Aim of the exercise
Only the images get left out; everything else in the records is to be transcribed exactly.
------ The data
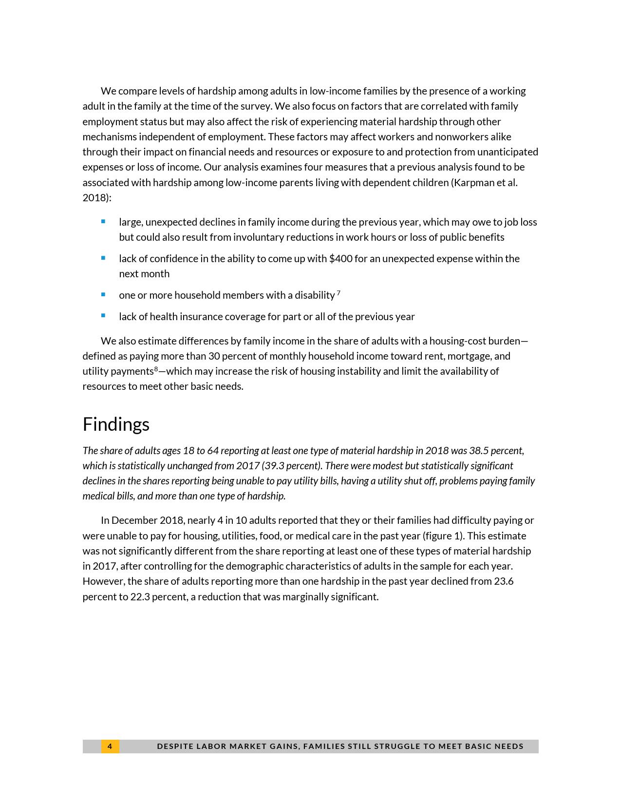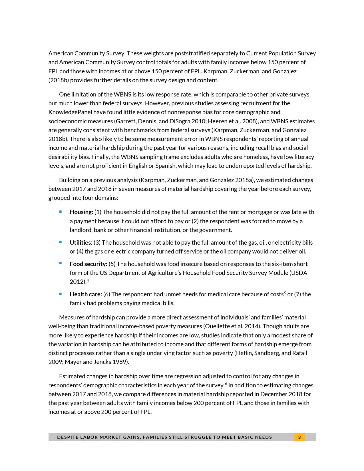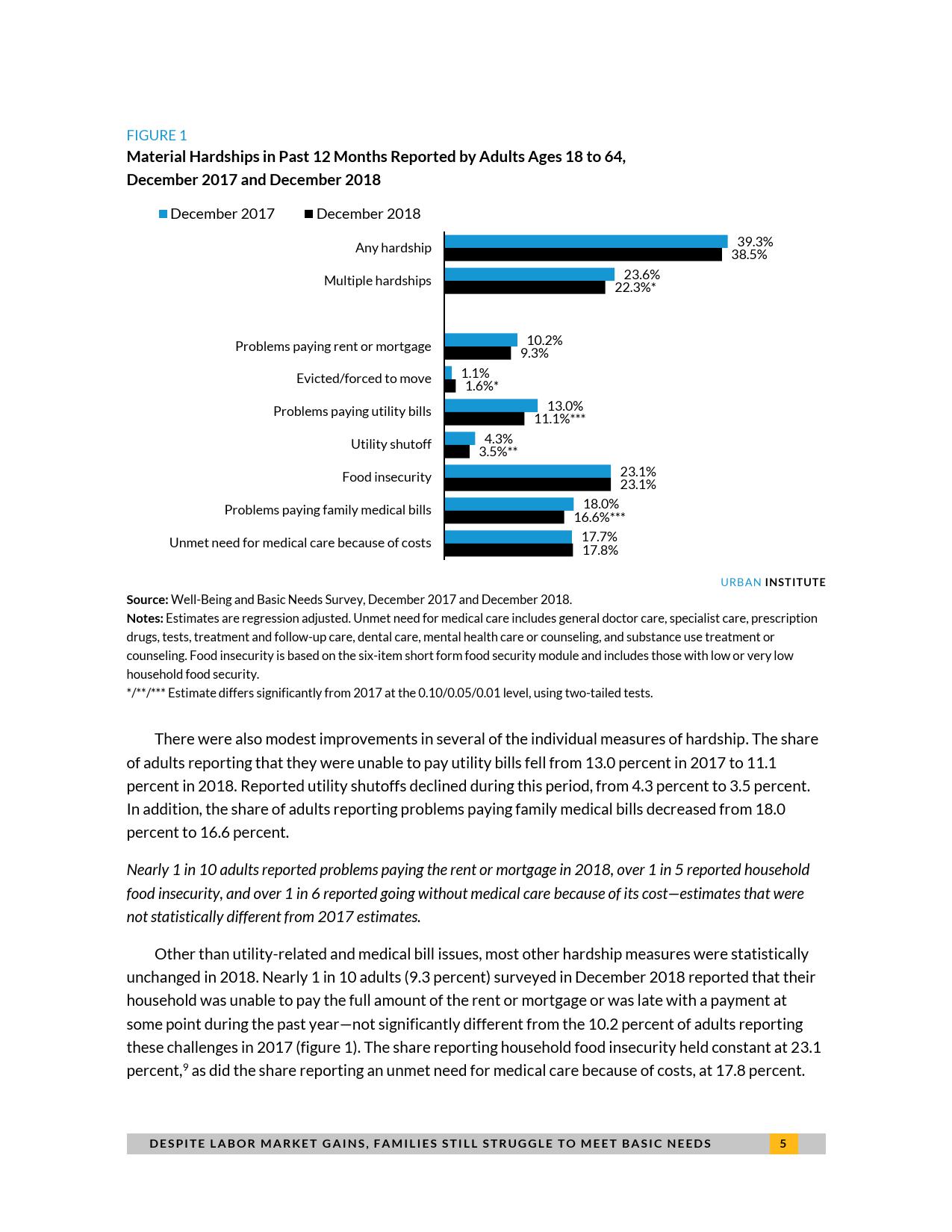 38.5%的人在生活基本支出上至少经历过某一个方面的“物质困难(material hardship)”,而22.3%的人经历过不止一种困难;
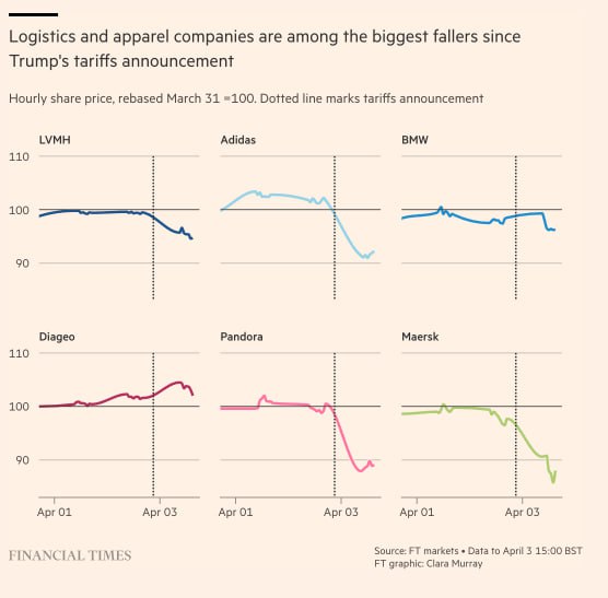 ⚫️ Ритейл — пошлины до 49% на товары из Вьетнама и Камбоджи ударят по Nike, Adidas, H&M, Pandora, Shein и Temu. Беспошлинный импорт для них отменяется.
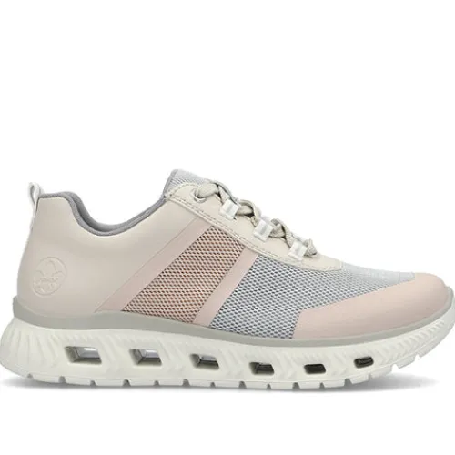 Feminin og meget let Rieker Lite sneaker med en overdel af åndbart tekstil med slidstærke syntetdetaljer på bl.a. snuden, hælen og åbningen. Skoen lukkes med snørebånd, og en trækfane på hælen gør det nemt at træde i skoen. Åbningen er polstret for øget komfort, og Antistress-indersålen er enormt blød og komfortabel. Komforten øges af den ekstra plads omkring forfoden og tæerne. Mellemsålen har tværgående huller, som virker støddæmpende og øger komforten, og ydersålen er fleksibel med et fint vejgreb. Skoen er 100 % vegansk.
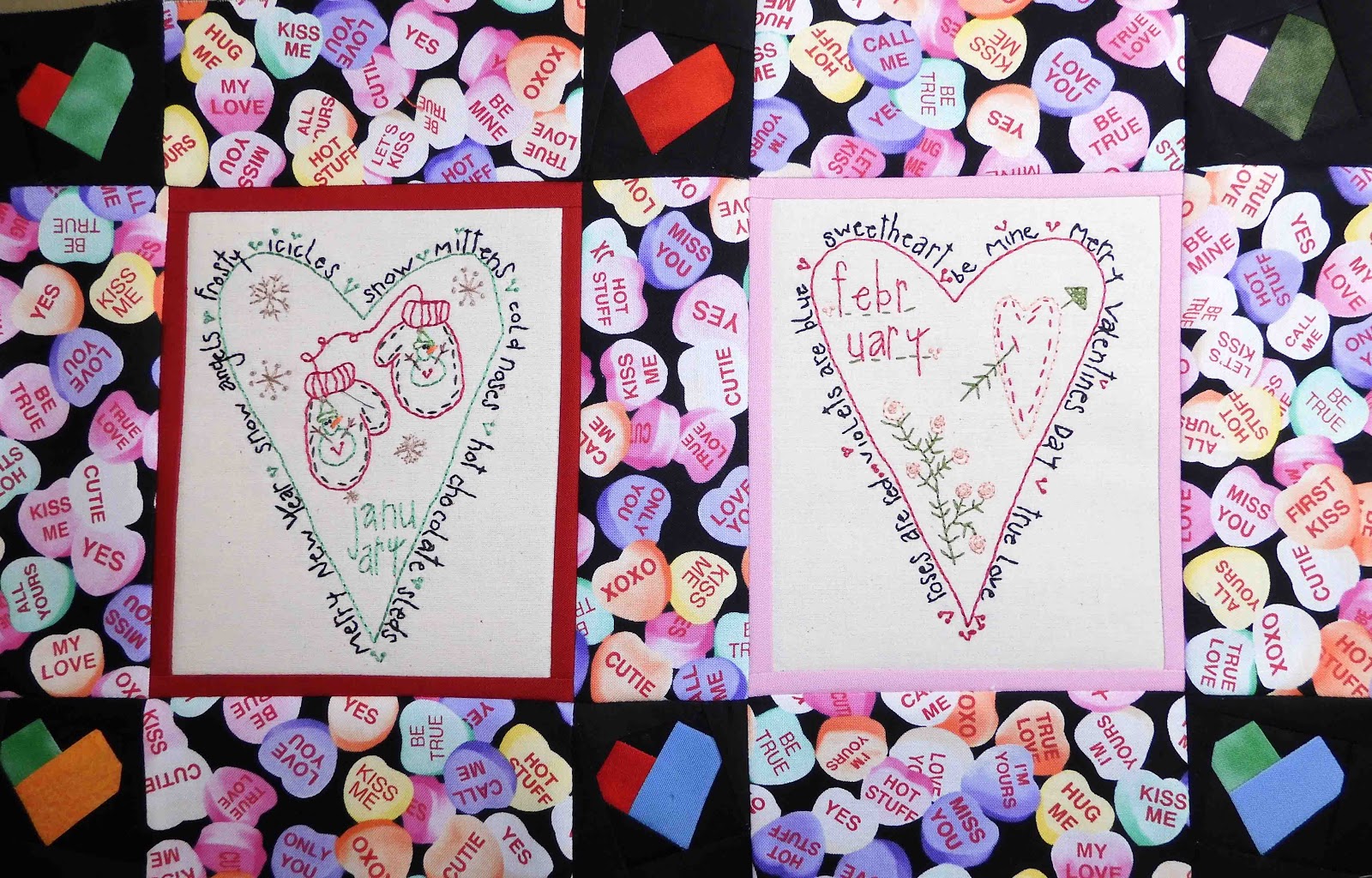 Oh yes, the 1/4" frames for the embroidered hearts make all the difference - nice job Barbara!
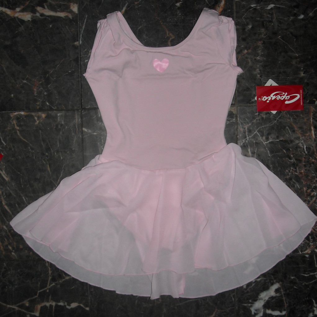 CAPEZIO Petal sleeve dress pink heart motif girls attached skirt leotard Ballet
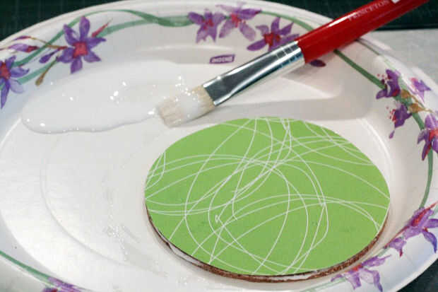 Capa de los posavasos de corcho con una capa de Mod Podge.
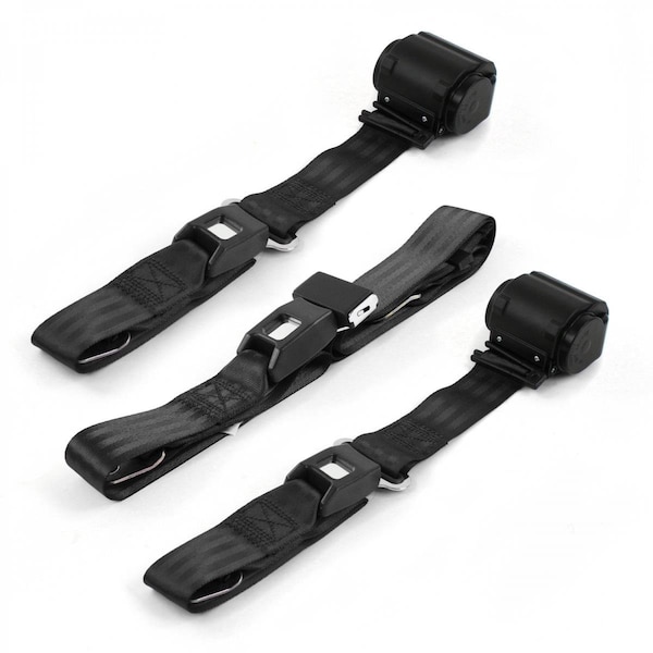 Standard 2 Point Black Retractable Bench Seat Belt Kit for Chevy FS Blazer 1969-1972 - 3 Belts
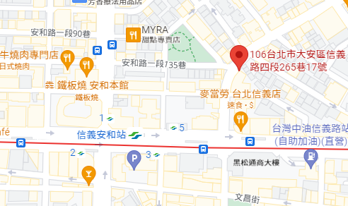 | 주소Adress | 台北市大安區信義路四段265巷17號7F (13층 건물) |
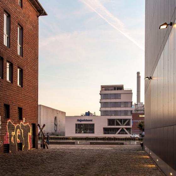 In der räumlich qualitätvollen Verzahnung der Besucherbereiche sowie der Produktion liegt die besondere Qualität der Arbeit. Besucher, aber auch Betrachtern von außen bietet sich durch die hohe Transparenz der Arbeitsprozesse die Gelegenheit, Einblick in einen zeitgemäßen Produktionsbetrieb zu nehmen und Interesse zu wecken. Durch die Materialwahl, u. a. Sichtbeton, wird der robuste Charakter des Hafenviertels unterstrichen. Gleichzeitig wird dem Gebäude durch großzügige Glasflächen eine sonst zu befürchtende Schwere genommen.
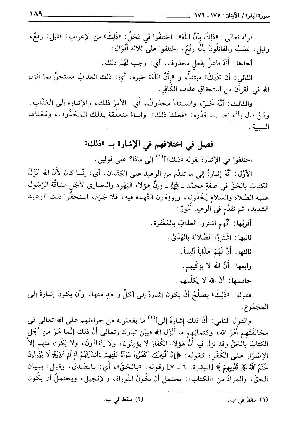 الأوَّل: أنَّهُ إشارةٌ إلى ما تقدَّم من الوعيد على الكِتْمان، أي: إِنَّما كان لأَنَّ الله أنْزَلَ الكتابَ بالحَقِّ في صفَةِ محمَّد - صَلَّى الله عَلَيْهِ وَسَلَّم َ - وإنَّ هؤلاء اليَهُود والنصارى لأجْل مشاقَّة الرَّسُول عليه الصَّلاة والسَّلام يُخْفُونَه، ويوقِعُون التُّهمة فيه، فلا جَرَم، استحقُّو ذلك الوعيد الشديد، ثم تقدَّم في الوعيد أُمُورٌ:
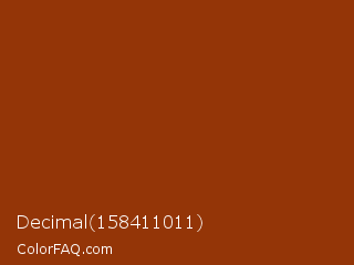 Decimal 158411011 Color is a dark orange color and the nearest color is Oregon #9b4703. Hex code #943507 and RGB value is rgb(148,53,7). In RGB color space, this color is composed of 58% red, 21% green, 3% blue, In CMYK color space, this color is composed of 0% cyan, 64% magenta, 95% yellow , 42% black , In HSL color space, this color has a hue angle of 20° , 91% saturation and 30% lightness.
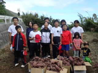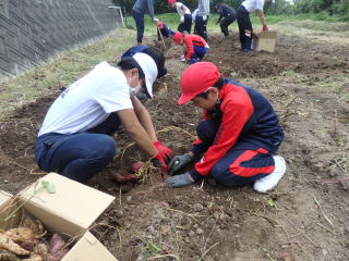 4月末に植えたさつまいもが大きく育ちました。今年は雨などの影響で、苗を植えてすぐに枯れてしまった品種もありました。しかし、地域の方々の支援でたくさん収穫することができました。大きいさつまいもが取れたり、きれいに根がつながって取れたりすると子どもたちもうれしいそうでした。収穫した芋は、家に持って帰ります。たくさん取れたので、たくさん食べてくださいね。 御協力頂いた地域の方々、ありがとうございました。
------------
Answer for this exercise
 38.5%的人在生活基本支出上至少经历过某一个方面的“物质困难(material hardship)”,而22.3%的人经历过不止一种困难;
 ⚫️ Ритейл — пошлины до 49% на товары из Вьетнама и Камбоджи ударят по Nike, Adidas, H&M, Pandora, Shein и Temu. Беспошлинный импорт для них отменяется.
 Feminin og meget let Rieker Lite sneaker med en overdel af åndbart tekstil med slidstærke syntetdetaljer på bl.a. snuden, hælen og åbningen. Skoen lukkes med snørebånd, og en trækfane på hælen gør det nemt at træde i skoen. Åbningen er polstret for øget komfort, og Antistress-indersålen er enormt blød og komfortabel. Komforten øges af den ekstra plads omkring forfoden og tæerne. Mellemsålen har tværgående huller, som virker støddæmpende og øger komforten, og ydersålen er fleksibel med et fint vejgreb. Skoen er 100 % vegansk.
 Oh yes, the 1/4" frames for the embroidered hearts make all the difference - nice job Barbara!
 CAPEZIO Petal sleeve dress pink heart motif girls attached skirt leotard Ballet
 Capa de los posavasos de corcho con una capa de Mod Podge.
 Standard 2 Point Black Retractable Bench Seat Belt Kit for Chevy FS Blazer 1969-1972 - 3 Belts
 | 주소Adress | 台北市大安區信義路四段265巷17號7F (13층 건물) |
 In der räumlich qualitätvollen Verzahnung der Besucherbereiche sowie der Produktion liegt die besondere Qualität der Arbeit. Besucher, aber auch Betrachtern von außen bietet sich durch die hohe Transparenz der Arbeitsprozesse die Gelegenheit, Einblick in einen zeitgemäßen Produktionsbetrieb zu nehmen und Interesse zu wecken. Durch die Materialwahl, u. a. Sichtbeton, wird der robuste Charakter des Hafenviertels unterstrichen. Gleichzeitig wird dem Gebäude durch großzügige Glasflächen eine sonst zu befürchtende Schwere genommen.
 الأوَّل: أنَّهُ إشارةٌ إلى ما تقدَّم من الوعيد على الكِتْمان، أي: إِنَّما كان لأَنَّ الله أنْزَلَ الكتابَ بالحَقِّ في صفَةِ محمَّد - صَلَّى الله عَلَيْهِ وَسَلَّم َ - وإنَّ هؤلاء اليَهُود والنصارى لأجْل مشاقَّة الرَّسُول عليه الصَّلاة والسَّلام يُخْفُونَه، ويوقِعُون التُّهمة فيه، فلا جَرَم، استحقُّو ذلك الوعيد الشديد، ثم تقدَّم في الوعيد أُمُورٌ:
 Decimal 158411011 Color is a dark orange color and the nearest color is Oregon #9b4703. Hex code #943507 and RGB value is rgb(148,53,7). In RGB color space, this color is composed of 58% red, 21% green, 3% blue, In CMYK color space, this color is composed of 0% cyan, 64% magenta, 95% yellow , 42% black , In HSL color space, this color has a hue angle of 20° , 91% saturation and 30% lightness.
 4月末に植えたさつまいもが大きく育ちました。今年は雨などの影響で、苗を植えてすぐに枯れてしまった品種もありました。しかし、地域の方々の支援でたくさん収穫することができました。大きいさつまいもが取れたり、きれいに根がつながって取れたりすると子どもたちもうれしいそうでした。収穫した芋は、家に持って帰ります。たくさん取れたので、たくさん食べてくださいね。 御協力頂いた地域の方々、ありがとうございました。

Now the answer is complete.